* [How to complete this task]:
Extract only the lines from the start of the entries below to the line with "De plus, la", inclusive; omit every picture.

═══

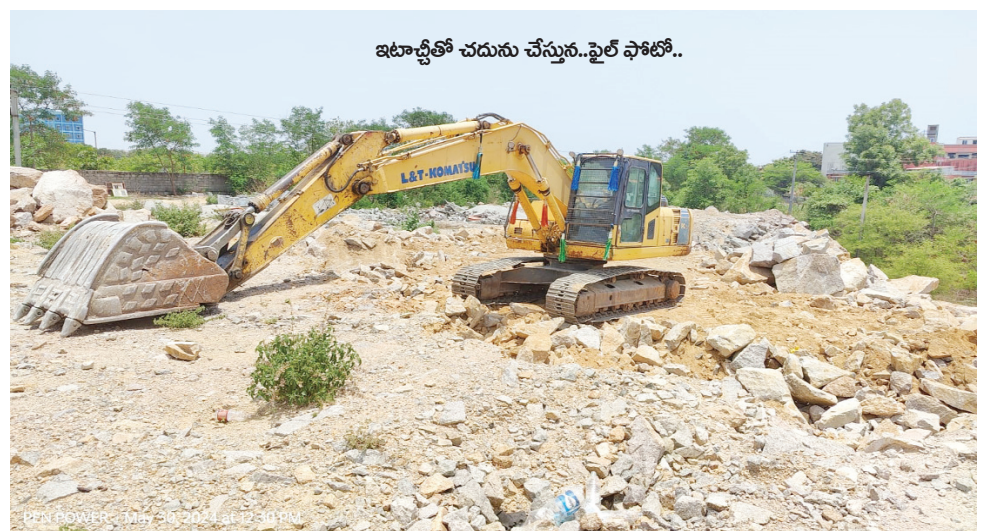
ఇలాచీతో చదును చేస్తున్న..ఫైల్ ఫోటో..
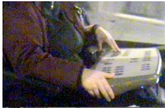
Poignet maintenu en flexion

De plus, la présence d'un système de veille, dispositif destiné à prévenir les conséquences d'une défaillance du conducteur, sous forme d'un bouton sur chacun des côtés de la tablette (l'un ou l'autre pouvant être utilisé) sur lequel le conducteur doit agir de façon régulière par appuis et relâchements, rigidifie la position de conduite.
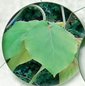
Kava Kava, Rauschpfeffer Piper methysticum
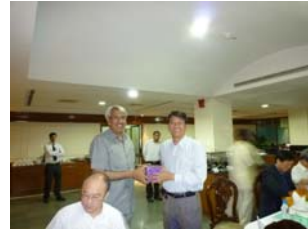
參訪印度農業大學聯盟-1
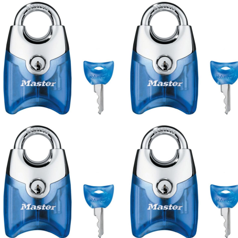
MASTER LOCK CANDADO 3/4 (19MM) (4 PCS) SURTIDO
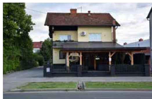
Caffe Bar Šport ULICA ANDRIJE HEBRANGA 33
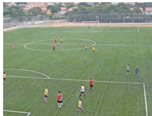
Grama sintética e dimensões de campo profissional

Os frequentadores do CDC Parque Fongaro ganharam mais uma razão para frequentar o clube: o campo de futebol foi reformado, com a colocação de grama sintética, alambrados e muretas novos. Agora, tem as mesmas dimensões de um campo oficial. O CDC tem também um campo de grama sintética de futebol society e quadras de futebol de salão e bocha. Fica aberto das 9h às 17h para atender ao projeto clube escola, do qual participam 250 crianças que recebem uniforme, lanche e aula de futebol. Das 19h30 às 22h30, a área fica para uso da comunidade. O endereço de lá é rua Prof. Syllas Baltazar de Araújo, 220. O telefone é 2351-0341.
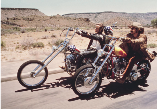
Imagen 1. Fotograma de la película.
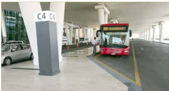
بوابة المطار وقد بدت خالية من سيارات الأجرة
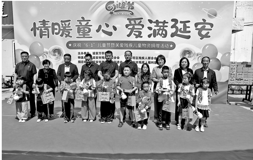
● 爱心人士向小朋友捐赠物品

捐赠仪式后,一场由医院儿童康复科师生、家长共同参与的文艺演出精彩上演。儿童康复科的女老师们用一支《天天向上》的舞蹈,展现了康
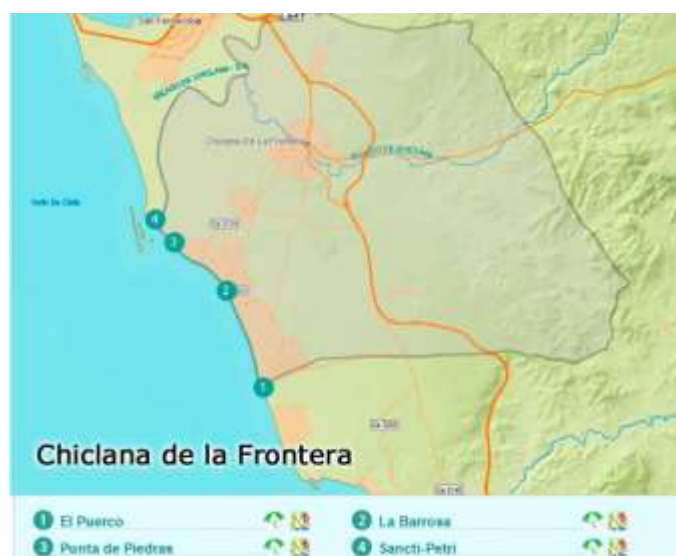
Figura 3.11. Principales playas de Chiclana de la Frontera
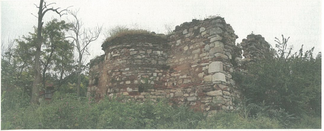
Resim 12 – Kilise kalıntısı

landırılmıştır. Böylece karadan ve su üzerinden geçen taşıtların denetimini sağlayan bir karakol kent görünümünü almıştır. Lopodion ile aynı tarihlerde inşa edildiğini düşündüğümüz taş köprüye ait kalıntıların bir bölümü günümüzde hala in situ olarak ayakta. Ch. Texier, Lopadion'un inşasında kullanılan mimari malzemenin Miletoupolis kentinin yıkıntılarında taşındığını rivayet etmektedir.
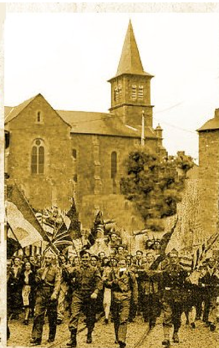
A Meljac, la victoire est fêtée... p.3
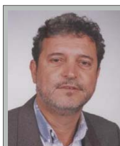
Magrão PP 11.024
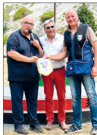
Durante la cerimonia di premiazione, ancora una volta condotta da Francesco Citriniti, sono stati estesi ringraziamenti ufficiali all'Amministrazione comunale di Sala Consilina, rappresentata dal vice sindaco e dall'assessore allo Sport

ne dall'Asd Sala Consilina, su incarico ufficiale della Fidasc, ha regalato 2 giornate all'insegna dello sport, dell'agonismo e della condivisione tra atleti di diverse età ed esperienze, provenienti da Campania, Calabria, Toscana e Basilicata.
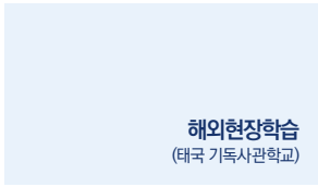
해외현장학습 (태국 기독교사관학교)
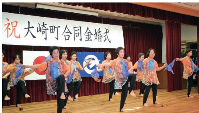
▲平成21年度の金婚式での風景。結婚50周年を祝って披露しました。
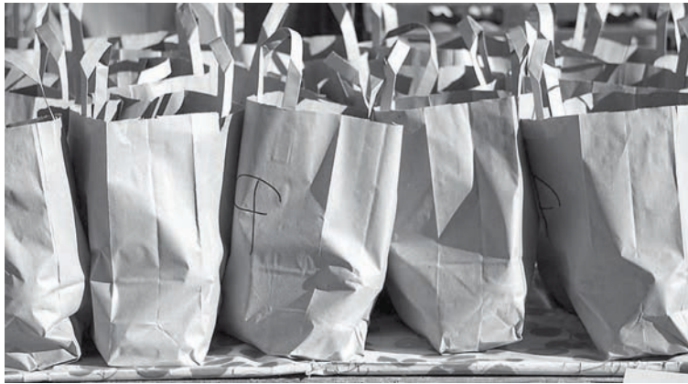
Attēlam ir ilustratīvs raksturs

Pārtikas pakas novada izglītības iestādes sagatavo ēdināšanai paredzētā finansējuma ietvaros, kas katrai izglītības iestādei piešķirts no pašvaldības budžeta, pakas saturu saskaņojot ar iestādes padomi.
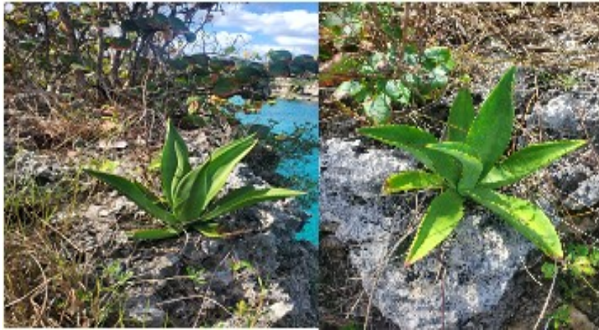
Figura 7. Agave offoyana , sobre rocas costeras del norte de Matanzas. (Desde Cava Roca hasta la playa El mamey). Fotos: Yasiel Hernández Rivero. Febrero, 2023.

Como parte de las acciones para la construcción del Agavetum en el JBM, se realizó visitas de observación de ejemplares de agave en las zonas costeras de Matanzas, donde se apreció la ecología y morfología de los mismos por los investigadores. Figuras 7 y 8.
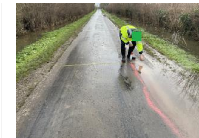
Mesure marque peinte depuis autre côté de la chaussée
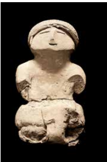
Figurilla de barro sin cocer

═══

* [Solved problem]:
ఇలాచీతో చదును చేస్తున్న..ఫైల్ ఫోటో..
Poignet maintenu en flexion

De plus, la présence d'un système de veille, dispositif destiné à prévenir les conséquences d'une défaillance du conducteur, sous forme d'un bouton sur chacun des côtés de la tablette (l'un ou l'autre pouvant être utilisé) sur lequel le conducteur doit agir de façon régulière par appuis et relâchements, rigidifie la position de conduite.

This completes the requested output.